▸ **PROMPT**
In duplicating the lines below, keep every word unchanged and drop the pictures.

▸ **DATA**
▶
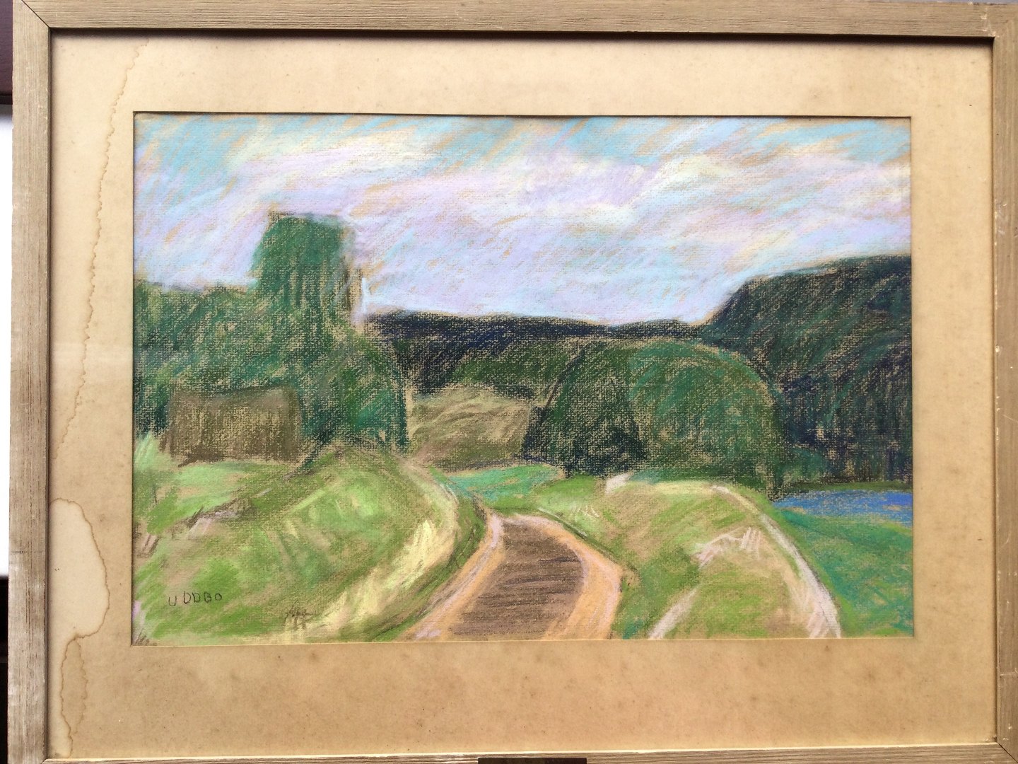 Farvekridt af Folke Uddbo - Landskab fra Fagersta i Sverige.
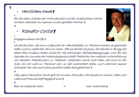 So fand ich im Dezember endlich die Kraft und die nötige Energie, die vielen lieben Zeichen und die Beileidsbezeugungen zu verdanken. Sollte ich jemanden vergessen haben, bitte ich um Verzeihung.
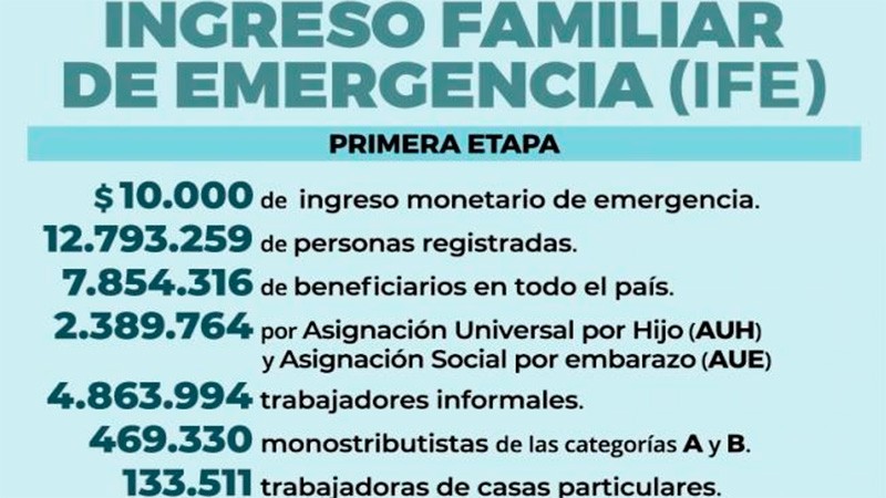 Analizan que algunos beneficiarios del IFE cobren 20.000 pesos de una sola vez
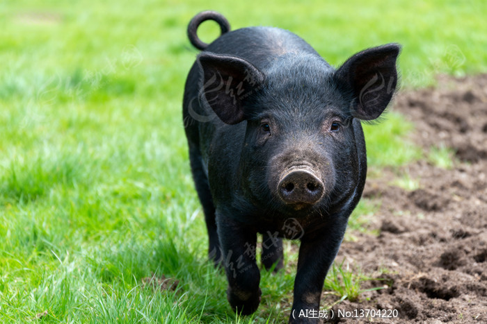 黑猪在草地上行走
◀
▸ **WRITTEN ANSWER**
 Farvekridt af Folke Uddbo - Landskab fra Fagersta i Sverige.
 So fand ich im Dezember endlich die Kraft und die nötige Energie, die vielen lieben Zeichen und die Beileidsbezeugungen zu verdanken. Sollte ich jemanden vergessen haben, bitte ich um Verzeihung.
 Analizan que algunos beneficiarios del IFE cobren 20.000 pesos de una sola vez
 黑猪在草地上行走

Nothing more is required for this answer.